Ethical Double Standards

India may also be an attractive option for drug companies looking to outsource research that would be difficult to conduct in their own countries. For example, placebocontrolled trials can deprive patients of effective treatment. The US Food and Drug Administration (USFDA) requires placebocontrolled trials as proof of a drug’s efficacy, but ethics committees there may be reluctant to permit such trials when it concerns a serious condition like schizophrenia. The World Medical Association’s (WMA) Declaration of Helsinki, with ethical guidelines for clinical research, has been the subject of battles on the use of placebo-controlled trials. The 2008 version restricts their use. In order to bypass the WMA’s authority, in 2008, the USFDA removed the requirement that clinical trials submitted to it must abide by the Declaration (Macklin 2009).

Though Indian law requires clinical trials to abide by the Declaration of Helsinki, many trials violate it, and the government may face pressure to formally do away with it.

Vulnerability of Trial Participants

Media reports on patients’ vulnerability are reinforced through research. A survey by the contract research organisation Excel Life Sciences of participants in their trials3 found that 26% were looking for free or higher quality care. Indeed, interviews with doctors suggest that poor people may enter trials to get treatment; those at private hospitals may seek free care and government hospital patients will want better care. The high cost of drugs (for example, for cancer) induces patients to enter trials to get treatment – especially if their doctors tell them that the experimental drug is better than nothing.

Of Excel’s total participants 5% enrolled for the money. Bioequivalence trials4 recruit healthy volunteers for substantial payments, and people may be induced to enrol for a fee, ignoring any risks of participation. Further, 76% were recruited by their family doctors who were also the trial’s investigators and 21% were referred by the family doctor. They may have been reluctant to refuse their doctor’s advice.

The doctor-investigators may be a bit too eager to recruit. Private doctors receive payment for each patient recruited and retained through each stage of the trial’s duration. Doctors in government hospitals are reported to receive fringe benefits such as trips abroad (Srinivasan 2009). There can be a conflict between the interests of the doctor and the patient s/he advises to join a trial.
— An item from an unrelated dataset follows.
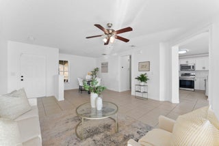 Impeccably renovated 4BR/2.5BA residence with 2-car garage in the gated community of Briar Bay, West Palm Beach. Features a 2023 roof, 2018 A/C in excellent condition, and water heater under 2 years. Modern vinyl patio doors open to elegant living spaces with remodeled baths, stylish flooring, and an open-concept layout. The designer kitchen offers stainless appliances--all new or under 2 years--custom cabinetry, and quartz counters. The backyard is an entertainer's paradise with an in-ground pool featuring a waterfall option, covered grill/fridge area, and paver landscaping. Resort-style amenities include pool, tennis, gym, and playgrounds.
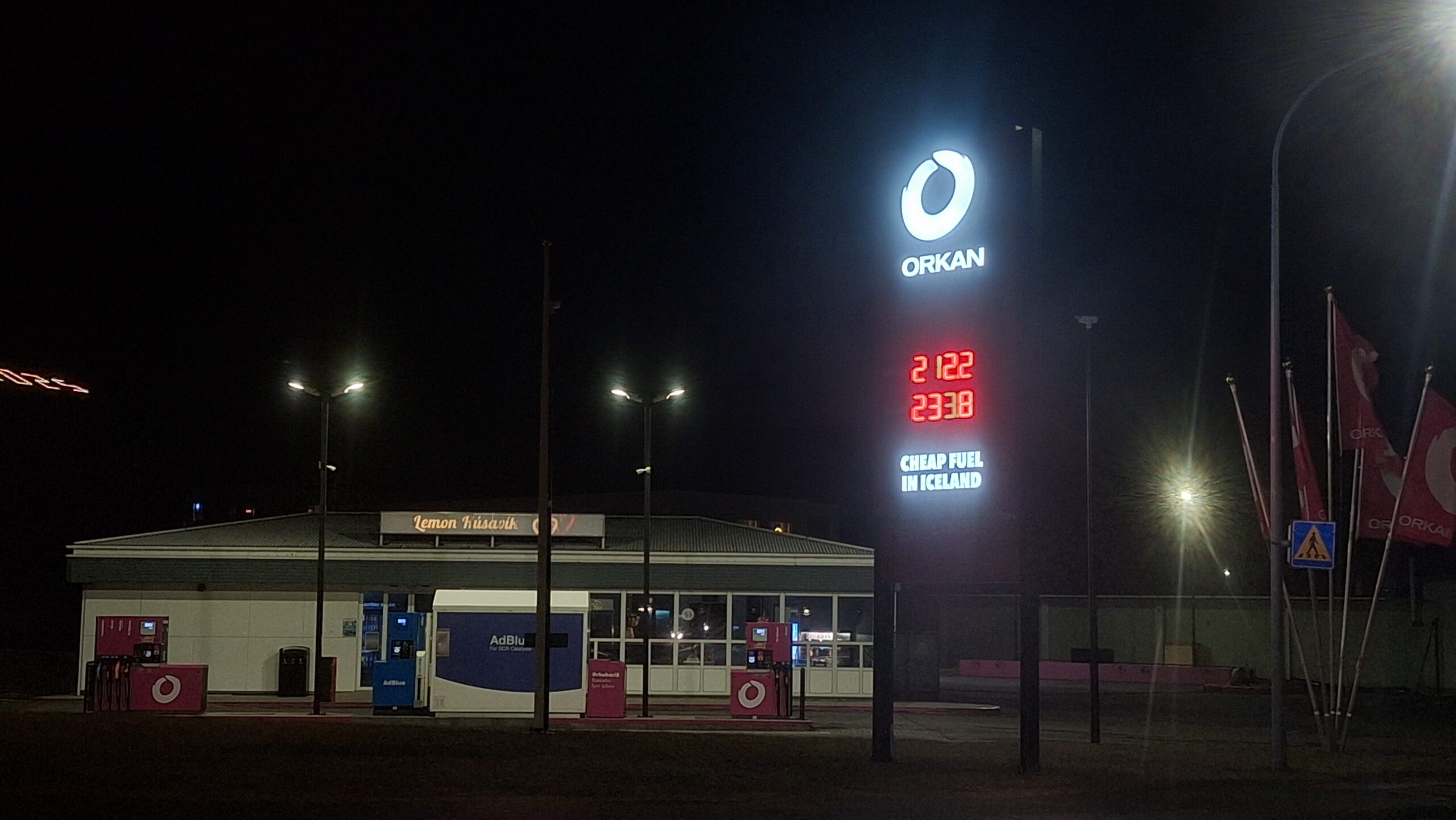 At Orkan in Húsavík, 95-octane petrol is now priced at ISK 212.1 per liter and diesel at ISK 233.6 per liter. It drew attention that the price reduction had already been implemented there around 10:00 p.m. last night, two hours before midnight, when a Húsavík.com reporter recorded the prices. Based on previous prices of around ISK 308–314, according to Orkan’s website, this corresponds to a reduction of about 31 percent for petrol and around 26 percent for diesel, in line with what has been seen elsewhere in the country.

Contract Research Organisations

International clinical trials are largely conducted by contract research organisations (CROs), the mediators between drug companies, investigators, trial subjects and regulatory authorities. The CROs advertise that they do everything from obtaining permissions and conducting the trial to writing up the findings and submitting data for marketing approval. They have been known to use ethically questionable recruiting techniques such as organising health camps, financing patient support groups, and placing staff in hospitals to gain access to medical records (Srinivasan 2009).

There is no registry of CROs in India. A study of the sector estimated that between 130 and 200 CROs operate in the country. They may work with insufficiently trained personnel, and inadequate supervision from ethics committees and regulatory authorities, conducting trials on vulnerable populations who are unable to give informed consent (van Huijstee and Schipper 2011).

Indeed, since 2005, reports have regularly emerged of unethical research practices. In the past few months, a Hyderabadbased CRO was reported to have administered women a cancer drug without their informed consent (The Hindu 2011); doctors at a government hospital at Indore are reported to have conducted 76 clinical trials on over 3,000 patients, receiving Rs five crore in the process (Singh 2011); and survivors of the Bhopal gas disaster seeking treatment at the Bhopal Memorial hospital were enrolled in drug trials without their knowledge (Pioneer 2011). Deaths in clinical trials have been traced back to inappropriate recruitment practices such as including an ill child in a trial limited to healthy volunteers (Pandeya 2008) and offering large payments inducing people to enrol in more than one trial (Ramana 2008).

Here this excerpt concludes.